One nice thing about running this notebook in Colab, although you are downloading large files - you are doing so on Google Cloud Platform, rather than using your local WiFi connection. This means downloads will usually be fast.

In [0]:
import os

In [0]:
origin = 'https://storage.googleapis.com/mledu-datasets/cats_and_dogs_filtered.zip'
path_to_zip = tf.keras.utils.get_file('cats_and_dogs.zip', origin=origin, extract=True)
path_to_folder = os.path.join(os.path.dirname(path_to_zip), 'cats_and_dogs_filtered')

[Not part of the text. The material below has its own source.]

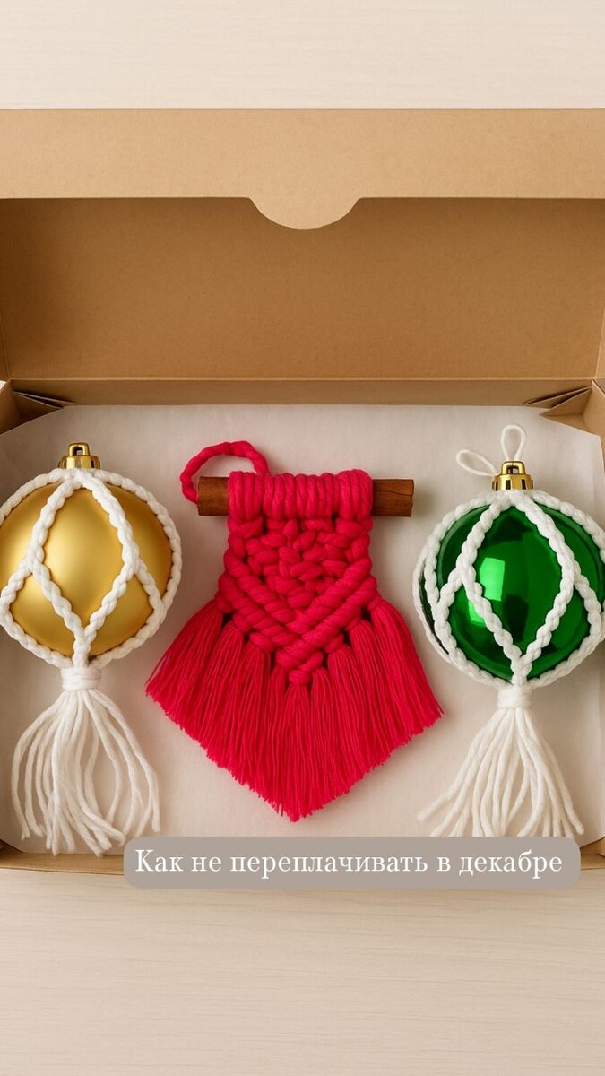 Как не переплачивать в декабре за то, что можно купить уже сейчас. Ты тоже надеяшься на декабрьские распродажи? Но цена наоборот может вырасти, а если и нет, то, то что ты хотела купить уже нет, осталось только какая-то облезлая мишура. Я предлагаю тебе готовиться заранее, это не так ранимо для бюджета и декабрь у тебя пройдет не под лозунгом " всё успеть до Нового года", а спокойно, с ощущением приближающего праздника. Для тебя я создала новогодние наборы " Магия праздника". Что входит в набор: 1. Пластмассовые шарики (при падении не бьётся , можно дать ребёнку)диаметром 6 мм оплетённые хлопковой верёвкой в технике макраме, самые новогодние цвета зелёный, красный, жёлтый ( можно выбрать какие вам нравятся). 2.Мини- панно на палочке корицы из хлопковой верёвки, цвета белый и ярко-розовый ( цвета тоже можно выбрать). Для чего он тебе. Им можно украсить ёлку, комнату, офис. Подарить подруге, маме, коллеге или родственникам. Набор состоит из 3 штук. Цена 1500₽ + доставка оплачива

The unzipped dataset has the following directory structure:

<pre>
<b>cats_and_dogs_filtered</b>
|__ <b>train</b>
    |______ <b>cats</b>: [cat.0.jpg, cat.1.jpg, cat.2.jpg ....]
    |______ <b>dogs</b>: [dog.0.jpg, dog.1.jpg, dog.2.jpg ...]
|__ <b>validation</b>
    |______ <b>cats</b>: [cat.2000.jpg, cat.2001.jpg, cat.2002.jpg ....]
    |______ <b>dogs</b>: [dog.2000.jpg, dog.2001.jpg, dog.2002.jpg ...]
</pre>

Create variables that point to each of these directories.

In [0]:
train_dir = os.path.join(path_to_folder, 'train')
validation_dir = os.path.join(path_to_folder, 'validation')

In [0]:
train_cats_dir = os.path.join(train_dir, 'cats')
train_dogs_dir = os.path.join(train_dir, 'dogs')
validation_cats_dir = os.path.join(validation_dir, 'cats')
validation_dogs_dir = os.path.join(validation_dir, 'dogs')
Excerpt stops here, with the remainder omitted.